:: DATA SECTION ::
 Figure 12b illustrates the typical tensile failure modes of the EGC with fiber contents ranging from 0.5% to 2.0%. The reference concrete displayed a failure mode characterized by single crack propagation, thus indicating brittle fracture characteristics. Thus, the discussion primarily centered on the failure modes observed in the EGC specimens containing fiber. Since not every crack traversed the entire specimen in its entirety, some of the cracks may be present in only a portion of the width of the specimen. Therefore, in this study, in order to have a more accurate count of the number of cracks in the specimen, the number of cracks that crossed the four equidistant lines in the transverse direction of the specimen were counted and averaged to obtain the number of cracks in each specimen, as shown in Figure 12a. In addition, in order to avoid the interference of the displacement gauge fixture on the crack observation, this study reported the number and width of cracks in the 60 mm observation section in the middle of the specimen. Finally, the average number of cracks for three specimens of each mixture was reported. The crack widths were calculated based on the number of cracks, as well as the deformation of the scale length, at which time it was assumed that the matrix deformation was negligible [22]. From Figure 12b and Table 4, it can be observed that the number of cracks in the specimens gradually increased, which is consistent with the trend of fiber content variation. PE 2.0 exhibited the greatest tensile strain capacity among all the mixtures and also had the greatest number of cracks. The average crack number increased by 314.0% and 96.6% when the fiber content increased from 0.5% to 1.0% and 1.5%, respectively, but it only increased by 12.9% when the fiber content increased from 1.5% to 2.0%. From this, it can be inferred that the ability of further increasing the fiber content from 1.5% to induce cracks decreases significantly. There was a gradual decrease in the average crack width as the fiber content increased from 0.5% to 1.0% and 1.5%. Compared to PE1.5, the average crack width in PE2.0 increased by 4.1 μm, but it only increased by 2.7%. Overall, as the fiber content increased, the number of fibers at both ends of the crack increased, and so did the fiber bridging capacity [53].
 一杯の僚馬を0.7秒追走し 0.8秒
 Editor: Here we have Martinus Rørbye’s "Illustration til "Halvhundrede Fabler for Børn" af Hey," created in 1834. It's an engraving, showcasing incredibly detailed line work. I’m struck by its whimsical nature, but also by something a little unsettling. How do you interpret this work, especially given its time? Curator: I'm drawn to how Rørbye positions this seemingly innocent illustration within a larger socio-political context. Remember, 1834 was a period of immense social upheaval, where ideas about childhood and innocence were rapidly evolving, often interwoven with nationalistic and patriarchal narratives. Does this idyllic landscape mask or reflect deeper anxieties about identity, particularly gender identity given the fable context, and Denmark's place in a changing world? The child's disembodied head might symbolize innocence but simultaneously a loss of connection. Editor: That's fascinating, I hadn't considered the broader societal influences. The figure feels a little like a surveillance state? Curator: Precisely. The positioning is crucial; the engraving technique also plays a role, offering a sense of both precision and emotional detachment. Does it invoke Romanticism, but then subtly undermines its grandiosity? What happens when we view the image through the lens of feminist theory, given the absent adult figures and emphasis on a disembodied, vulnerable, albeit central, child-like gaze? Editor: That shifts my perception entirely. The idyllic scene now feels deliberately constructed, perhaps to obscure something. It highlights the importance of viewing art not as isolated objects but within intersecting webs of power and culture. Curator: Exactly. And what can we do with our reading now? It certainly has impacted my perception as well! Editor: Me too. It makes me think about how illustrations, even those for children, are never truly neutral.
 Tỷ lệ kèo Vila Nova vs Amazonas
:::
## WHAT TO WORK ON
An exact copy of the listing above is what this exercise asks for.

## RESULT OF THIS EXERCISE
 Figure 12b illustrates the typical tensile failure modes of the EGC with fiber contents ranging from 0.5% to 2.0%. The reference concrete displayed a failure mode characterized by single crack propagation, thus indicating brittle fracture characteristics. Thus, the discussion primarily centered on the failure modes observed in the EGC specimens containing fiber. Since not every crack traversed the entire specimen in its entirety, some of the cracks may be present in only a portion of the width of the specimen. Therefore, in this study, in order to have a more accurate count of the number of cracks in the specimen, the number of cracks that crossed the four equidistant lines in the transverse direction of the specimen were counted and averaged to obtain the number of cracks in each specimen, as shown in Figure 12a. In addition, in order to avoid the interference of the displacement gauge fixture on the crack observation, this study reported the number and width of cracks in the 60 mm observation section in the middle of the specimen. Finally, the average number of cracks for three specimens of each mixture was reported. The crack widths were calculated based on the number of cracks, as well as the deformation of the scale length, at which time it was assumed that the matrix deformation was negligible [22]. From Figure 12b and Table 4, it can be observed that the number of cracks in the specimens gradually increased, which is consistent with the trend of fiber content variation. PE 2.0 exhibited the greatest tensile strain capacity among all the mixtures and also had the greatest number of cracks. The average crack number increased by 314.0% and 96.6% when the fiber content increased from 0.5% to 1.0% and 1.5%, respectively, but it only increased by 12.9% when the fiber content increased from 1.5% to 2.0%. From this, it can be inferred that the ability of further increasing the fiber content from 1.5% to induce cracks decreases significantly. There was a gradual decrease in the average crack width as the fiber content increased from 0.5% to 1.0% and 1.5%. Compared to PE1.5, the average crack width in PE2.0 increased by 4.1 μm, but it only increased by 2.7%. Overall, as the fiber content increased, the number of fibers at both ends of the crack increased, and so did the fiber bridging capacity [53].
 一杯の僚馬を0.7秒追走し 0.8秒
 Editor: Here we have Martinus Rørbye’s "Illustration til "Halvhundrede Fabler for Børn" af Hey," created in 1834. It's an engraving, showcasing incredibly detailed line work. I’m struck by its whimsical nature, but also by something a little unsettling. How do you interpret this work, especially given its time? Curator: I'm drawn to how Rørbye positions this seemingly innocent illustration within a larger socio-political context. Remember, 1834 was a period of immense social upheaval, where ideas about childhood and innocence were rapidly evolving, often interwoven with nationalistic and patriarchal narratives. Does this idyllic landscape mask or reflect deeper anxieties about identity, particularly gender identity given the fable context, and Denmark's place in a changing world? The child's disembodied head might symbolize innocence but simultaneously a loss of connection. Editor: That's fascinating, I hadn't considered the broader societal influences. The figure feels a little like a surveillance state? Curator: Precisely. The positioning is crucial; the engraving technique also plays a role, offering a sense of both precision and emotional detachment. Does it invoke Romanticism, but then subtly undermines its grandiosity? What happens when we view the image through the lens of feminist theory, given the absent adult figures and emphasis on a disembodied, vulnerable, albeit central, child-like gaze? Editor: That shifts my perception entirely. The idyllic scene now feels deliberately constructed, perhaps to obscure something. It highlights the importance of viewing art not as isolated objects but within intersecting webs of power and culture. Curator: Exactly. And what can we do with our reading now? It certainly has impacted my perception as well! Editor: Me too. It makes me think about how illustrations, even those for children, are never truly neutral.
 Tỷ lệ kèo Vila Nova vs Amazonas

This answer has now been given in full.